If (the subconscious mind) contains too many things that normally ought to be conscious, then its function becomes twisted and prejudiced; motives appear that are not based on true instincts, but owe their activity to the fact that they have been consigned to the subconscious by repression or neglect. They overlay, as it were, the normal unconscious psyche and distort its natural symbol producing function.

Therefore it is usual for psychotherapy, concerned as it is with the causes of a disturbance, to begin by eliciting from the patient a more or less voluntary confession of all the things he dislikes, is ashamed of, or fears, This is like the much older confession in the Church, which in many ways anticipated modern psychological techniques.


Clearly, then, I have not yet even launched the voyage into the deeper parts of the mind. I'm still engaged in the process of making the vessel seaworthy and clearing away the debris in the harbor.

There's a lot more to come.

Illustration, "Nightmare" by Daniel Montuoro.

--30--

Sunday, January 10, 2010

twice the trickster


Last night in a dream I met the trickster in two different personifications. The trickster is an archetype who appears in the myths and legends of every culture, and lives immortally and eternally in the deeper layers of every human psyche.

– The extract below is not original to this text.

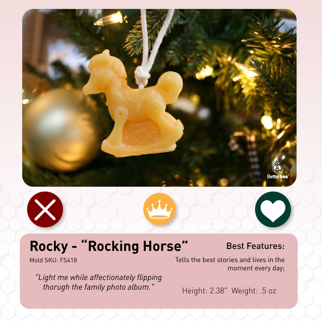 It was our first ride. Our loyal rocking pony brought us all around our imagination, its gallup heard only in our mind, but felt in our laughter. Now, you can recreate that magical feeling with your own, handmade candles. Made of long lasting silicone by industry leader, Lyson.

First he appeared as a singer. I had returned to my lapsed musical career, and my old partner Carrie and I were the backing musicians for a new and exciting young singer appearing at a big outdoor music festival. I had never head this guy before, as he had recently arrived from his homeland in Africa, and I only knew his name (wait for it) -- Barack Obama.

Carrie and I happened on this young man as he was rehearsing a capella in his tent, with the flap open. His voice was amazingly smooth as he crooned a jazz standard with great feeling, but at the same time not overdoing it. He had complete command over that wonderful voice, which was enchanting and hypnotic. When he had finished, I began to enthusiastically praise his performance; "You might be the best singer I ever heard," I told him. But I didn't see what his reaction was, because I was watching Carrie, who was fuming with jealousy. She was, after all, the lead singer in our old group years ago.

There was nothing in the dream that indicated at my extreme disappointment with the real Barack Obama in the "real world," although that may have been implied by the dream Obama's identity as the trickster.

Then I found myself in a bar, talking with a youngish fellow in his mid to late thirties. He had very long, curly dark hair and sported the tight striped trousers the trickster often wears. He was friendly enough, and asked me if I wanted to go outside for "a treat," and I eagerly accepted.

Just outside the bar he pulled out a long glass tube with multiple spouts, all emitting streams of clear liquid. "If that's alcohol," I said, "I don't want any. I never drink alcohol. Have you got any of 'the other?'"

"As it happens, I do," he said. The gin-spouting glass tube went back under his shirt (or wherever he produced it from) and was replaced by another one, a complicated contraption in which the smoker ignited a stream of vodka, then sucked the flaming liquid upward where it ignited a charge of the green herb. The smoke then passed through a cork filter into the smoker's mouth and lungs. It was a wonderfully mild blast, and the magic molecules immediately refreshed the brain.

I awakened to ponder this strange dream, and was at first baffled by it, and unable to discern any connection between its two parts. But by concentrating on the content and the "pictures" repeatedly, I finally unlocked it when I realized I am now traveling through the trickster's realm. You have to watch the trickster all the time, for as the dream shows he can lend his talents to either providing pleasure or making mischief.